When stratifying a cohort, it is generally desirable to calculate SMRs for different levels of a strata (such as a time-dependent exposure).
LTASR provides options to stratify a cohort by a fixed strata defined within the person file, or by a time-dependent exposure variable with information found in a separate history file.

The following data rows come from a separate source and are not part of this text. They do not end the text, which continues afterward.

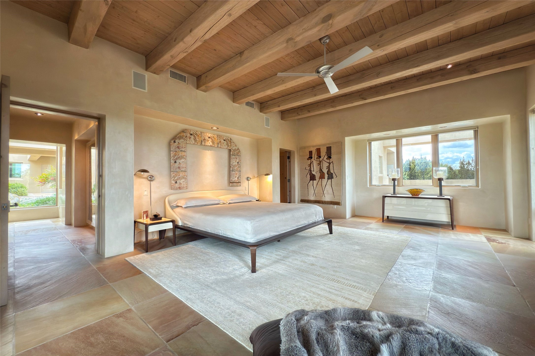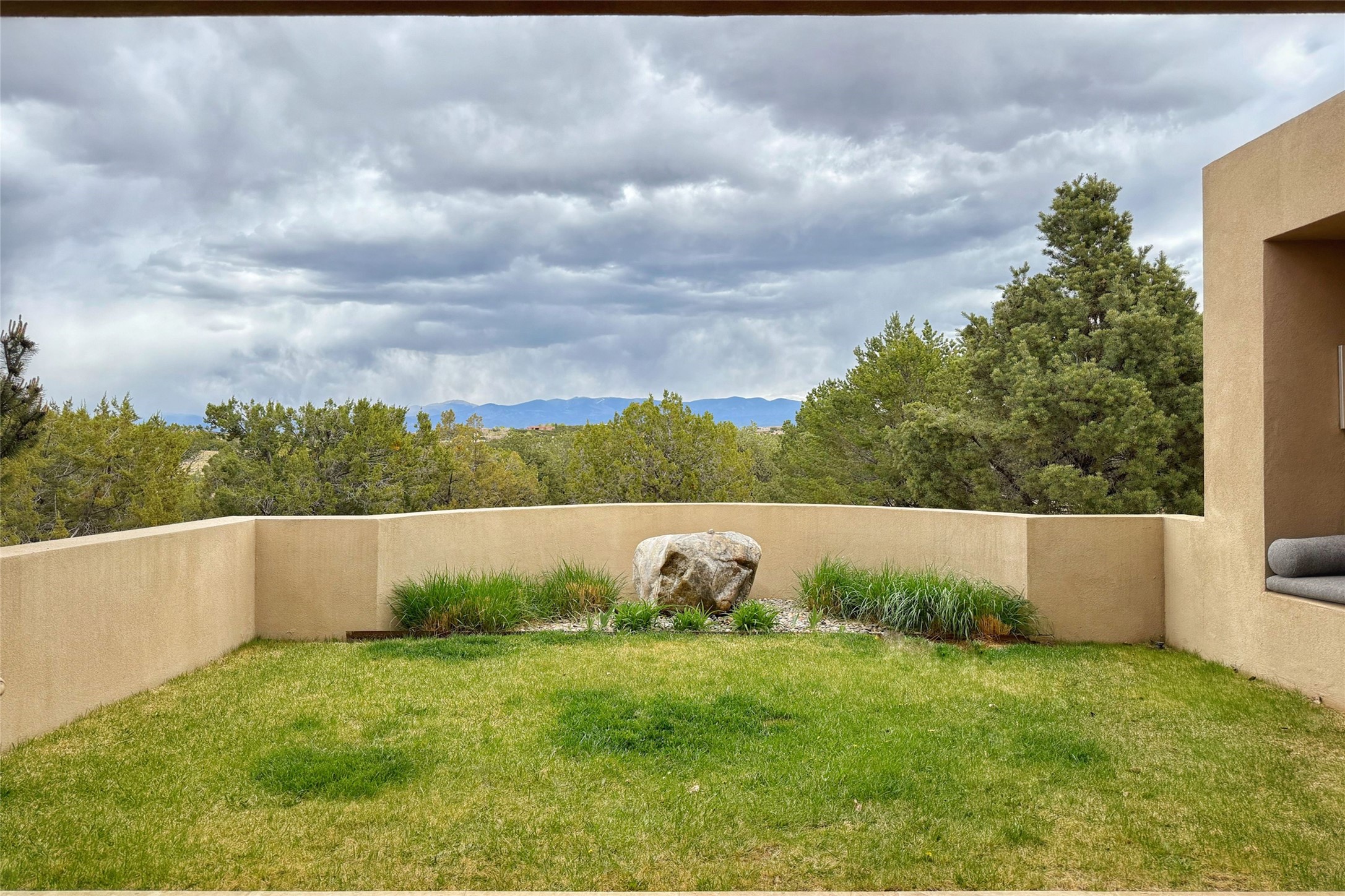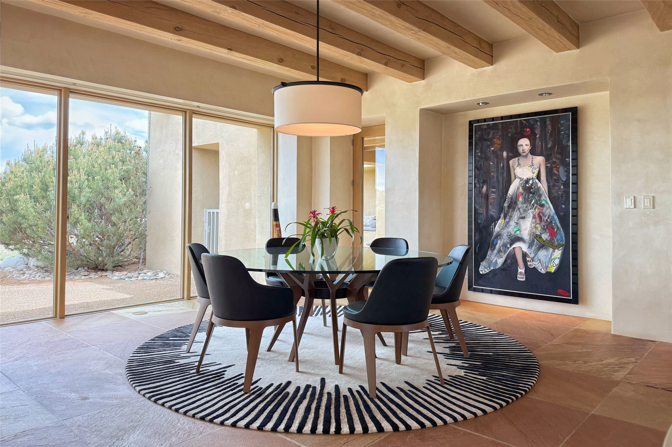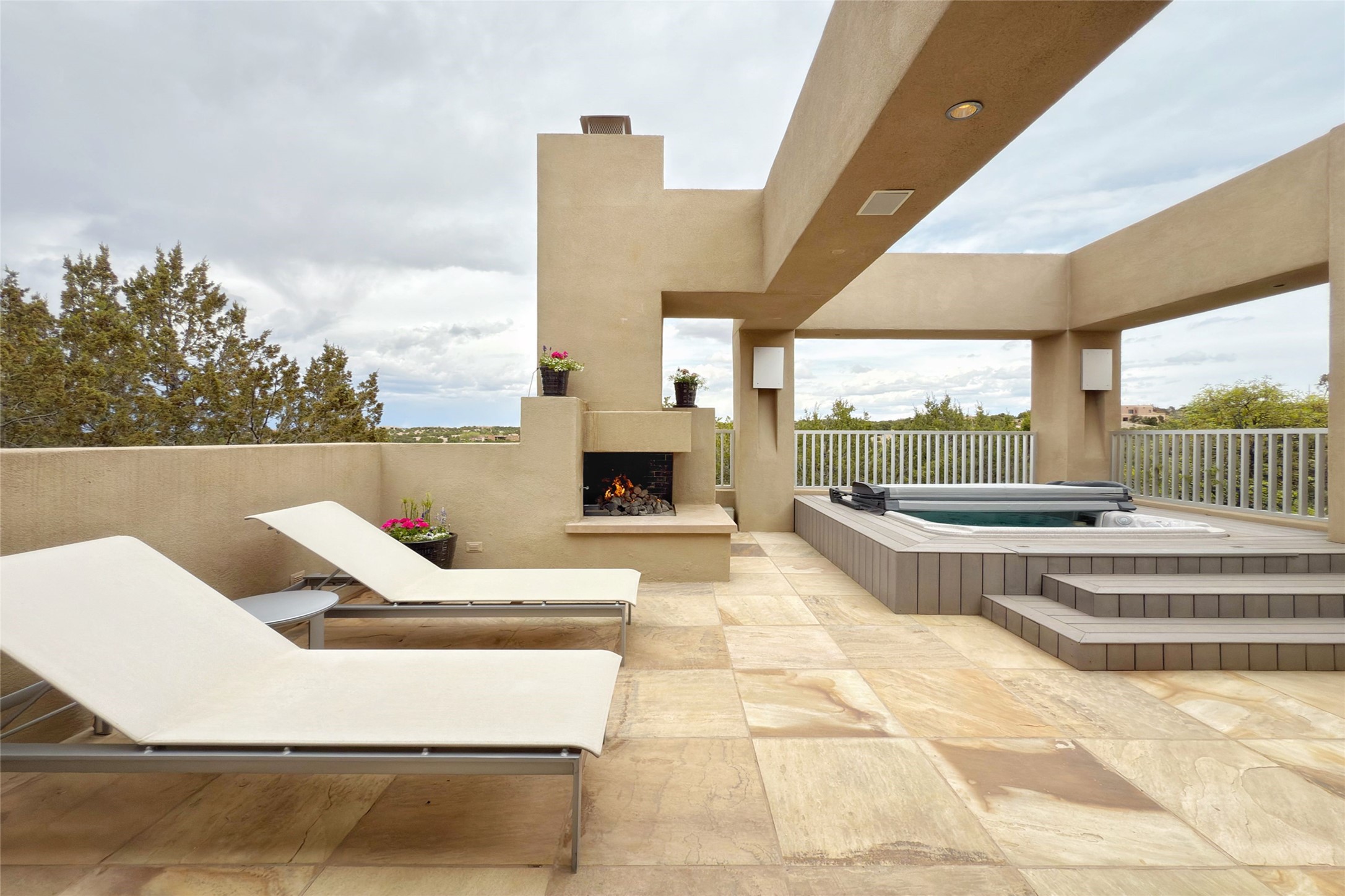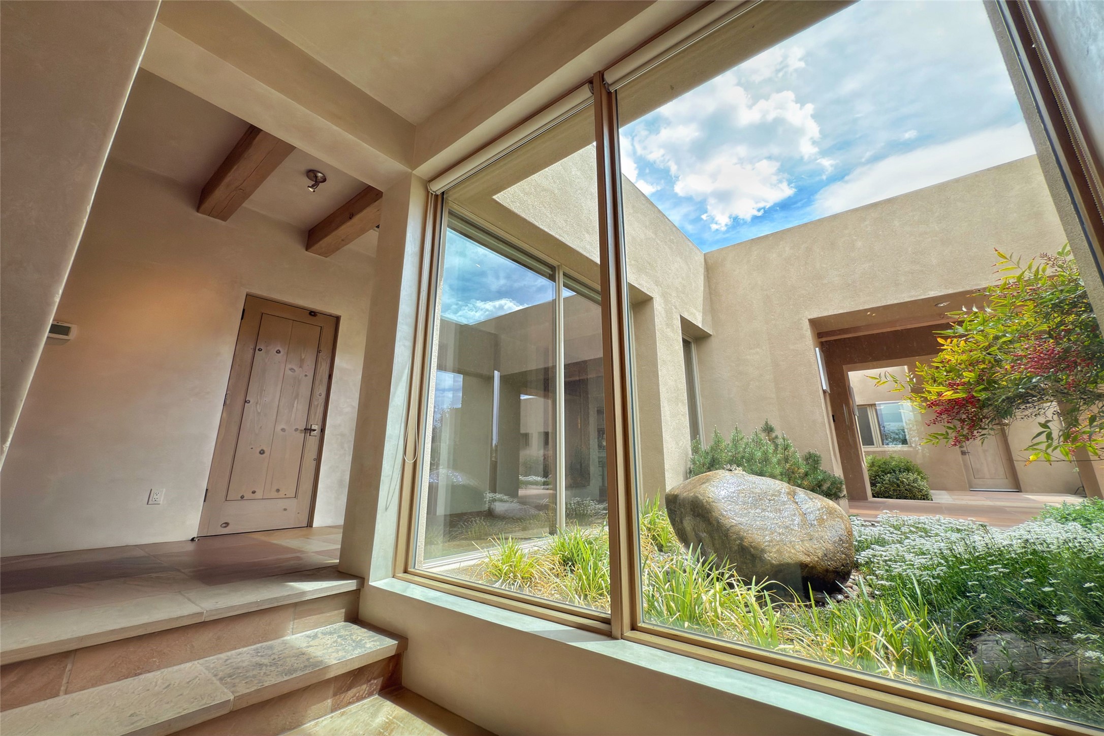 Prestigious Las Campanas Estate. Sophisticated Soft Contemporary on a Double Lot- over 3 acres for privacy.Welcome to an extraordinary estate built by Kim Dressel. Featuring a circular front drive, enclosed zen-like courtyard, and large separate motor court. With sweeping Sangre de Cristo views, this masterpiece blends elegance with tranquility and superb attention to detail. The entire residence is filled with natural light and augmented with custom lighting to showcase the art lover's collection.Interiors are graced with vigas and Desert Indian Sandstone floors. A total of 9 fireplaces (indoor and outdoor) provide warmth and charm. A generous entry hall, framed with alabaster sculptural lighting opens to the Great Room, anchored with a center fireplace and inspired by a bank of floor to ceiling windows that showcase the Sangre de Cristos. This space flaunts soaring ceilings and clerestory windows that flood the space with light. A gourmet kitchen features a large center island with Taj Mahal countertops, Sub-Zero/Wolf appliances, and opens to adjoining formal dining area and a cozy family room. A lavish primary suite offers a fireplace and an east facingportal complete with hot tub, fireplace and mountain views. Primary bath includes dual vanities, steam shower, soaking tub, dry sauna and custom closet. Adjacent home gym for convenience. Transition to the second wing through an impressive Gallery Hall designed for private art collections, exhibits and concert entertaining. A dedicated wine tasting space and sculpture garden complete the gallery.The secondary residence area includes large media room,office, two ensuite bedrooms with fireplaces and patios.Multiple outdoor spaces for indoor/outdoor living and entertaining including a deep covered portal with skylights, water feature, built-in grill and banco seating.Sparing no expense, this architectural gem delivers high-end fit and finishes throughout. The ultimate in style and serene luxury.
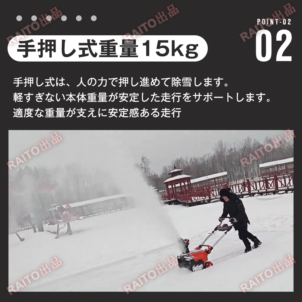 【手押し式重量15kg】手押し式は、人の力で押し進めて除雪します。軽すぎない本体重量が安定した走行をサポートします。適度な重量が支えに安定感ある走行
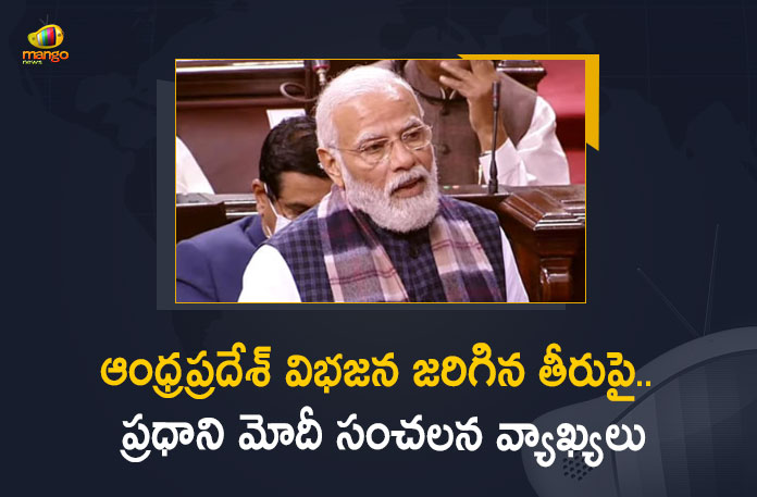 ప్రధానమంత్రి నరేంద్ర మోదీ మరోసారి కాంగ్రెస్ వైఖరిపై మండిపడ్డారు. నిన్న లోక్సభలో ఆ పార్టీ తీరును ఎండగట్టిన ప్రధాని మోదీ.. ఈరోజు రాజ్యసభలో మరోసారి కాంగ్రెస్ విధానాలను ప్రశ్నించారు. కాంగ్రెస్ పార్టీ, ఆంధ్రప్రదేశ్ ను హడావిడిగా విభజించి.. ఆ రాష్ట్రానికి చాలా అన్యాయం చేసిందని ప్రధాని మోదీ దుయ్యబట్టారు. రాష్ట్రపతి రామ్నాథ్ కోవింద్ పార్లమెంటు ఉభయ సభలను ఉద్దేశించి చేసిన ప్రసంగానికి ధన్యవాదాలు తెలిపే తీర్మానంపై చర్చలో ప్రధాని మోదీ పాల్గొన్నారు. ఈ సందర్భంగా.. మంగళవారం రాజ్యసభలో ప్రసంగించిన ప్రధాని కాంగ్రెస్ పార్టీపై నిప్పులు చెరిగారు. ఆనాడు కేంద్రంలో అధికారంలో ఉన్న కాంగ్రెస్ ప్రభుత్వం తీసుకున్న లోపభూయిష్ట విధానాలతో రెండు తెలుగు రాష్ట్రాలు ఇప్పటికీ కష్టాల్లోనే ఉన్నాయని ప్రధానమంత్రి నరేంద్ర మోదీ అన్నారు.
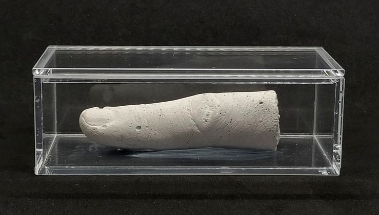 Descripción: fragmento de una de las piezas que forman parte de la instalación R de resistencia o la vergüenza de ser hombre. Procede del primer vaciado de escayola para la elaboración de los moldes. Dañada durante el proceso de fraguado. Representa un dedo, probablemente el índice de la mano derecha.

For example, below will strata the example person and history file,
included in LTASR, by a cumulative exposure variable
exposure_level
:
#Define exposure cutpoints
exp <- exp_strata(var = 'exposure_level',
cutpt = c(-Inf, 0, 10000, 20000, Inf),
lag = 10)
#Read in and format person file
person <- person_example %>%
mutate(dob = as.Date(dob, format='%m/%d/%Y'),
pybegin = as.Date(pybegin, format='%m/%d/%Y'),
dlo = as.Date(dlo, format='%m/%d/%Y'))
#Read in and format history file
history <- history_example %>%
mutate(begin_dt = as.Date(begin_dt, format='%m/%d/%Y'),
end_dt = as.Date(end_dt, format='%m/%d/%Y'))
#Stratify cohort
py_table <- get_table_history(persondf = person,
rateobj = us_119ucod_recent,
historydf = history,
exps = list(exp))
This creates the following table (top 6 rows):
ageCat | CPCat | gender | race | exposure_levelCat | pdays | _o55 | _o52 |
---|---|---|---|---|---|---|---|
[15,20) | [1970,1975) | F | W | (-Inf,0] | 746 | 1 | 0 |
[25,30) | [1970,1975) | M | N | (-Inf,0] | 55 | 0 | 0 |
[25,30) | [1970,1975) | M | W | (-Inf,0] | 1472 | 0 | 0 |
[25,30) | [1975,1980) | M | W | (-Inf,0] | 323 | 0 | 0 |
[30,35) | [1970,1975) | M | N | (-Inf,0] | 1023 | 0 | 0 |
[30,35) | [1975,1980) | M | N | (-Inf,0] | 803 | 0 | 0 |
smr_minor
and smr_major
will calculate SMRs
for the entire cohort that is read in.
To calculate SMRs separately for each strata of
exposure_levelCat
, one option would be to create separate
person-year tables for each level:
#Subset py_table to the highest exposed group
py_table_high <- py_table %>%
filter(exposure_levelCat == '(2e+04, Inf]')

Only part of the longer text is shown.